- Work instructions
All lines from the one holding "La chasse aux" through the last line of the entries below must be transcribed exactly, and no others. Pictures do not go in.

- Data
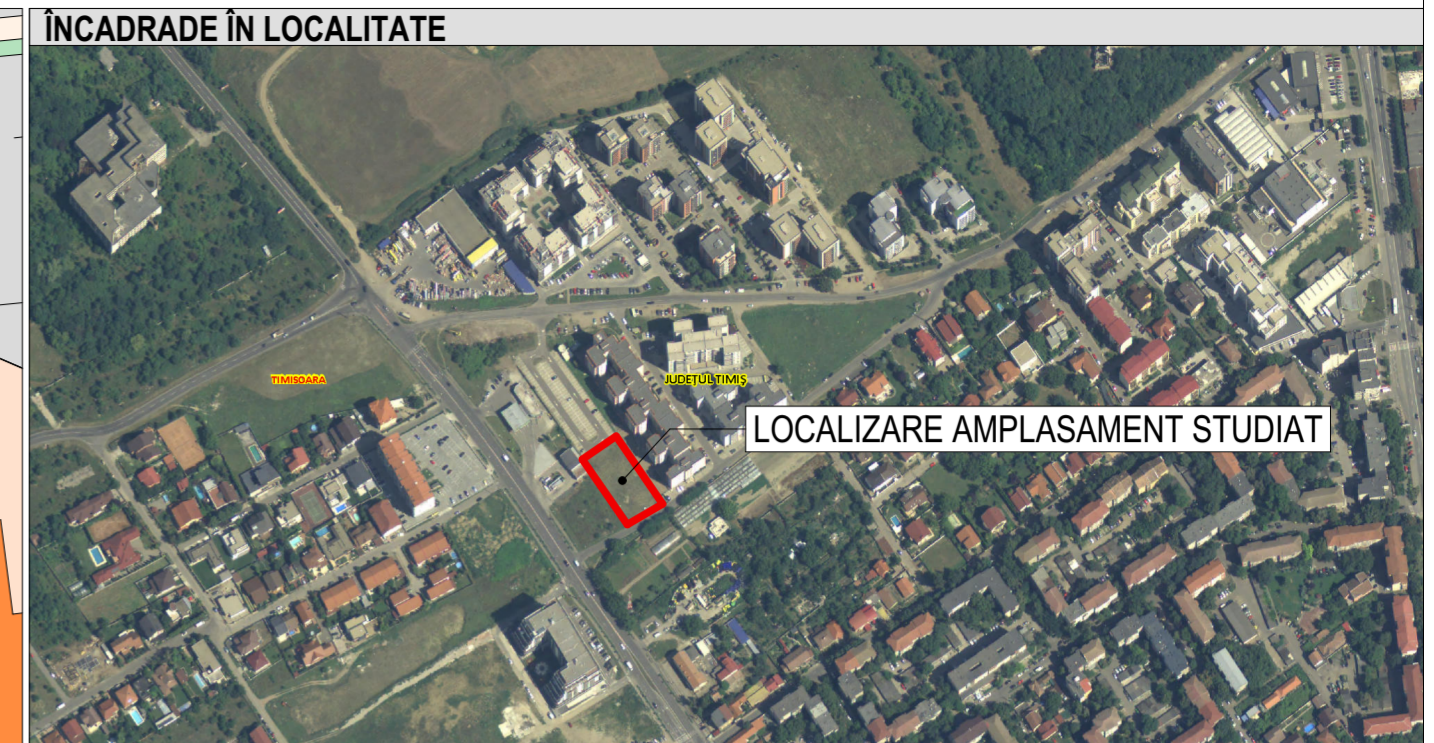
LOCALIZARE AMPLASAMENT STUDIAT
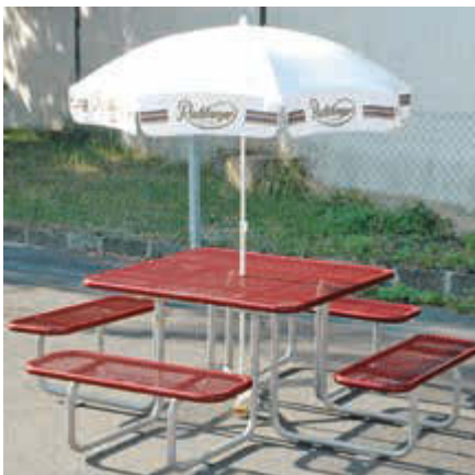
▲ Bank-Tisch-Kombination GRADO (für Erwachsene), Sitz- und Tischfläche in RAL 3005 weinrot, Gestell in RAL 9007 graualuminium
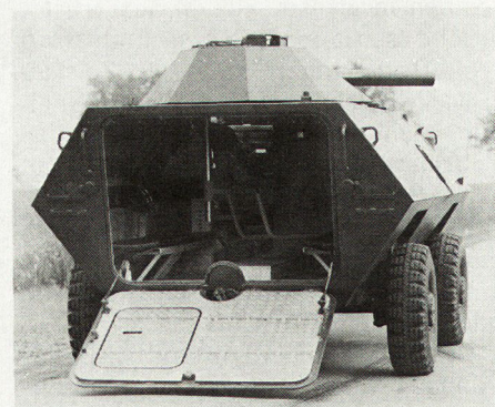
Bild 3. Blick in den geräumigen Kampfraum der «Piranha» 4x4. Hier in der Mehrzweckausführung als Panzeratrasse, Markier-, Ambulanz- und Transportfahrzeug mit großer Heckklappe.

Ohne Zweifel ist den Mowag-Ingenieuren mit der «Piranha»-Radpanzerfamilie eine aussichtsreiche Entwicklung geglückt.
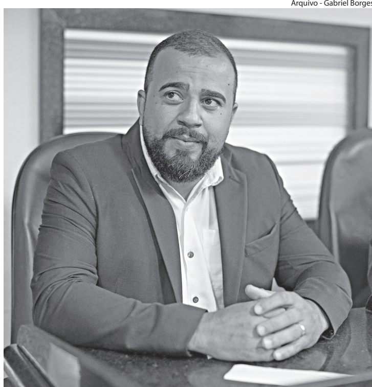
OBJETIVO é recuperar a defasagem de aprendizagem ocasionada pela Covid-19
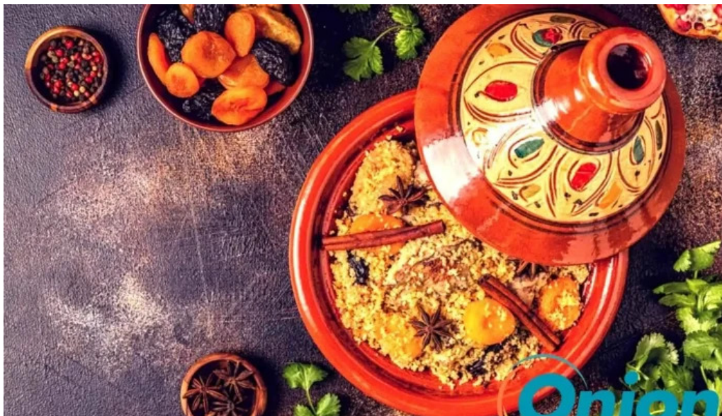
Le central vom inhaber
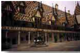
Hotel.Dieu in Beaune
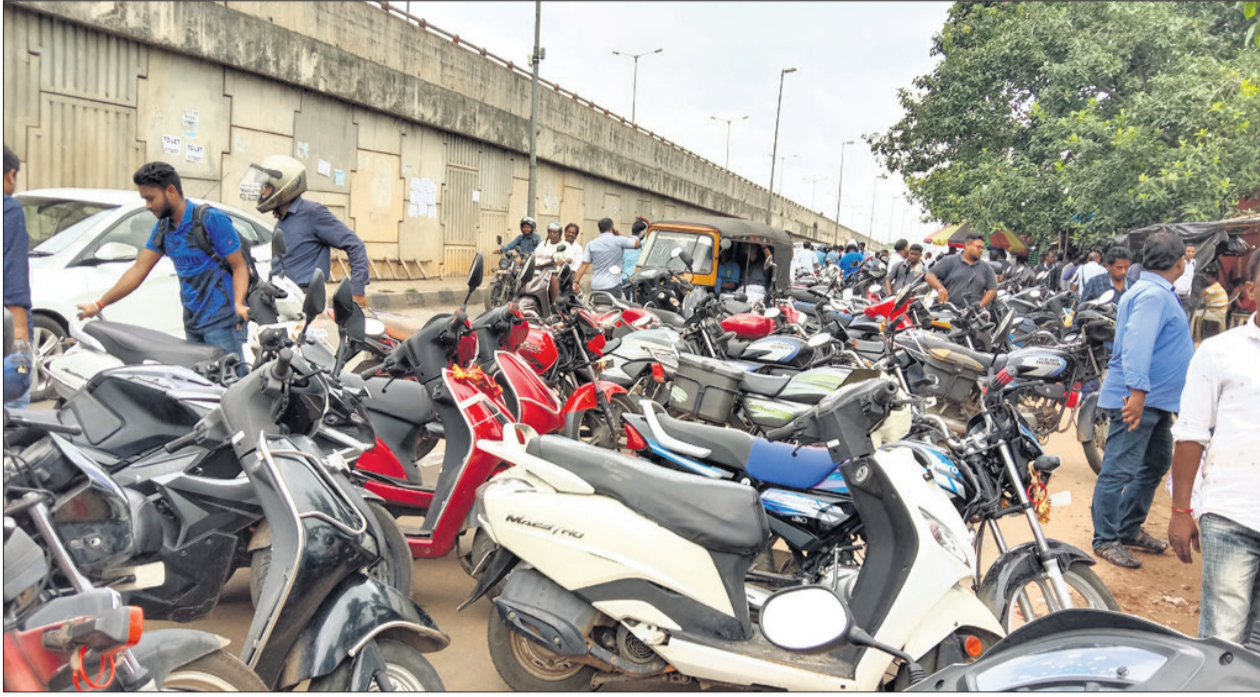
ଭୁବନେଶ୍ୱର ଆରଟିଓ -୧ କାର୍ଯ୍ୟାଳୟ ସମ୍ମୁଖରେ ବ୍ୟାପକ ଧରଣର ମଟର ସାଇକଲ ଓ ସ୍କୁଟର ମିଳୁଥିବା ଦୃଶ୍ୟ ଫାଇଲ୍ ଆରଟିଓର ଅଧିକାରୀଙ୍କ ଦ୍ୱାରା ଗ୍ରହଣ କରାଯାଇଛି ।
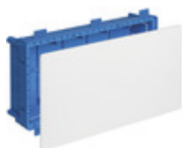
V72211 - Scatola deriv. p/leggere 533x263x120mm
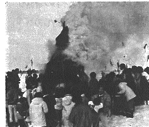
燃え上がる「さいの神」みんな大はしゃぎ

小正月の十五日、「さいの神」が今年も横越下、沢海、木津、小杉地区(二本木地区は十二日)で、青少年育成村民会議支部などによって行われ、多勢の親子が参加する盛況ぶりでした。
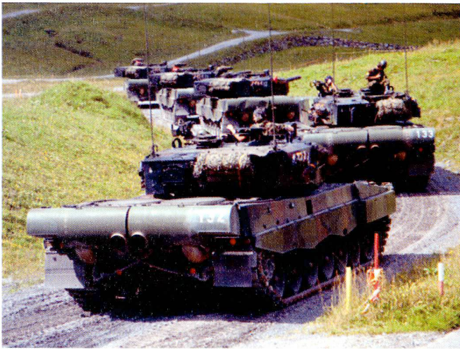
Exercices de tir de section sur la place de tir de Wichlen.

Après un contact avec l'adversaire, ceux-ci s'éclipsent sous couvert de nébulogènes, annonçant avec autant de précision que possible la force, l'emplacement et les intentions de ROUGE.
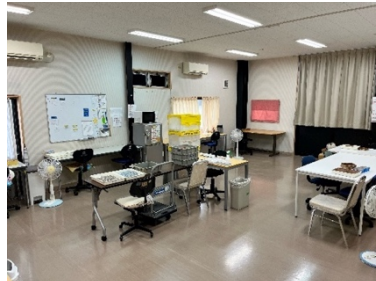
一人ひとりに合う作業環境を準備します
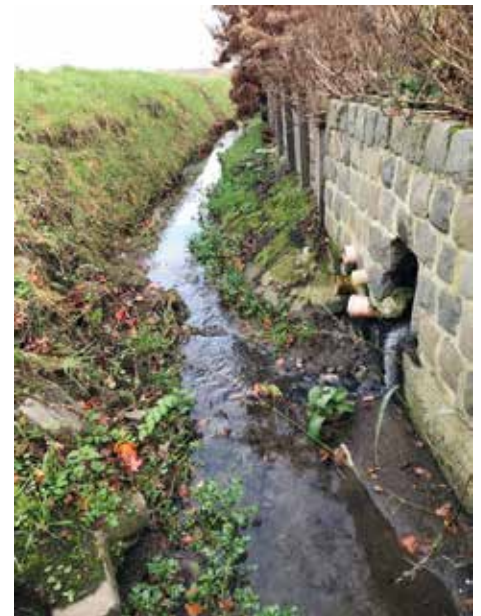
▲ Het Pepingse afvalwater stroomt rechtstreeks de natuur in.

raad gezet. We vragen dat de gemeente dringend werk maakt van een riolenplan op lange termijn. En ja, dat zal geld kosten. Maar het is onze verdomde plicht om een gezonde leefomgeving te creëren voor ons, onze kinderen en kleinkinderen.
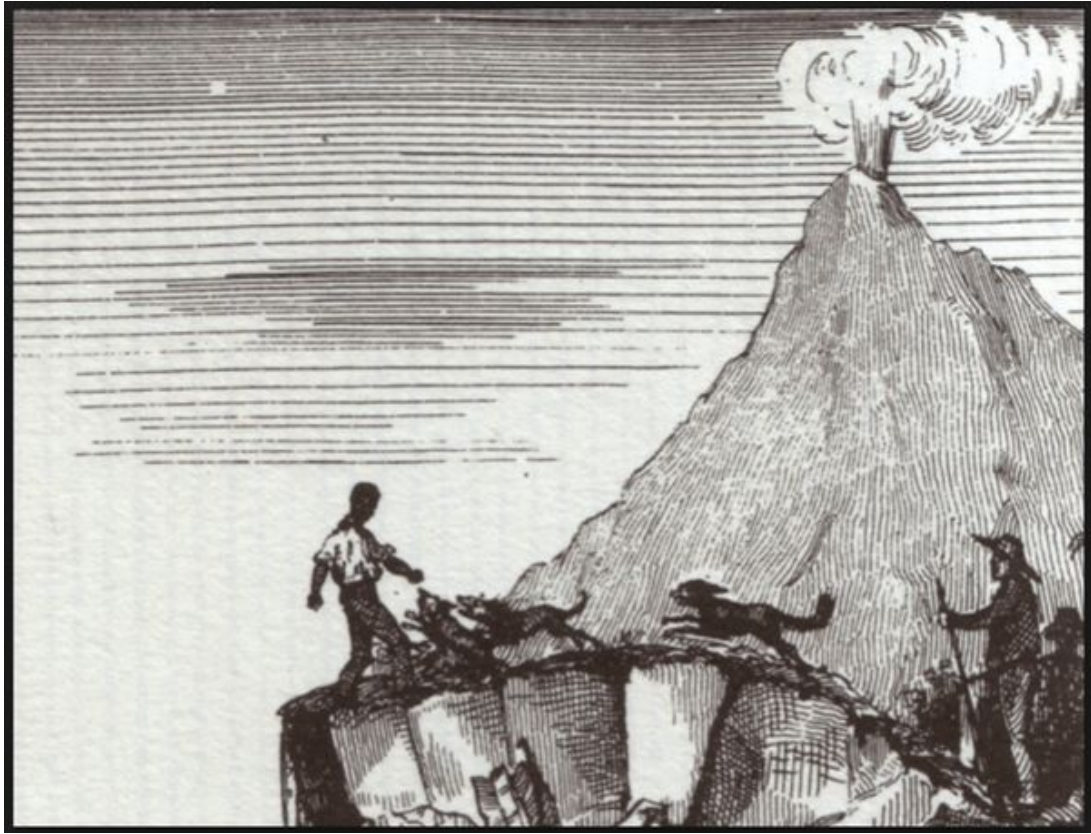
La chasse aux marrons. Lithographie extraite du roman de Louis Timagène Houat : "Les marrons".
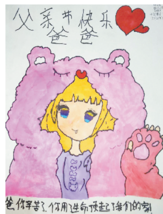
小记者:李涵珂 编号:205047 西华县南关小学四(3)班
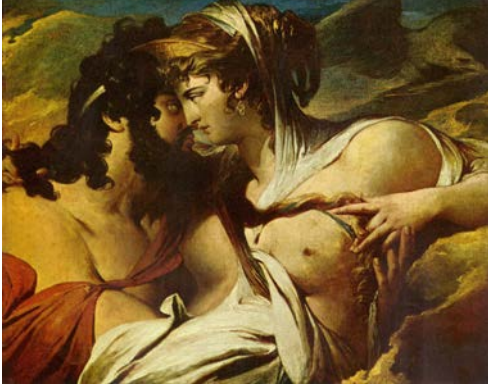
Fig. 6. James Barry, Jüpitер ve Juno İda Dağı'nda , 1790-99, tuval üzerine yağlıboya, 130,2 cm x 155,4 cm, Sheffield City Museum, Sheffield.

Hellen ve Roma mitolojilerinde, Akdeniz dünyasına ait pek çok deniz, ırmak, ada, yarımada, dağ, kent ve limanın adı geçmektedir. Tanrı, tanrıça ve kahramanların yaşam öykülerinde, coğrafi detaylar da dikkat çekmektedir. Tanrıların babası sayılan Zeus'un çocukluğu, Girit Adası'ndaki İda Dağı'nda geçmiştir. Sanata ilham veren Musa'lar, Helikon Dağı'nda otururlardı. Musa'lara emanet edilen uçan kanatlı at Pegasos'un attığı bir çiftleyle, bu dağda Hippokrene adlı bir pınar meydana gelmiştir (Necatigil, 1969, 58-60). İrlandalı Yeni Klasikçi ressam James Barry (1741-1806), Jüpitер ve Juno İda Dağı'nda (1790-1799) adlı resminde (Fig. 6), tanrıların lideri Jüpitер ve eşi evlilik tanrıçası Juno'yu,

- Result below
La chasse aux marrons. Lithographie extraite du roman de Louis Timagène Houat : "Les marrons".
小记者:李涵珂 编号:205047 西华县南关小学四(3)班
Fig. 6. James Barry, Jüpitер ve Juno İda Dağı'nda , 1790-99, tuval üzerine yağlıboya, 130,2 cm x 155,4 cm, Sheffield City Museum, Sheffield.

Hellen ve Roma mitolojilerinde, Akdeniz dünyasına ait pek çok deniz, ırmak, ada, yarımada, dağ, kent ve limanın adı geçmektedir. Tanrı, tanrıça ve kahramanların yaşam öykülerinde, coğrafi detaylar da dikkat çekmektedir. Tanrıların babası sayılan Zeus'un çocukluğu, Girit Adası'ndaki İda Dağı'nda geçmiştir. Sanata ilham veren Musa'lar, Helikon Dağı'nda otururlardı. Musa'lara emanet edilen uçan kanatlı at Pegasos'un attığı bir çiftleyle, bu dağda Hippokrene adlı bir pınar meydana gelmiştir (Necatigil, 1969, 58-60). İrlandalı Yeni Klasikçi ressam James Barry (1741-1806), Jüpitер ve Juno İda Dağı'nda (1790-1799) adlı resminde (Fig. 6), tanrıların lideri Jüpitер ve eşi evlilik tanrıçası Juno'yu,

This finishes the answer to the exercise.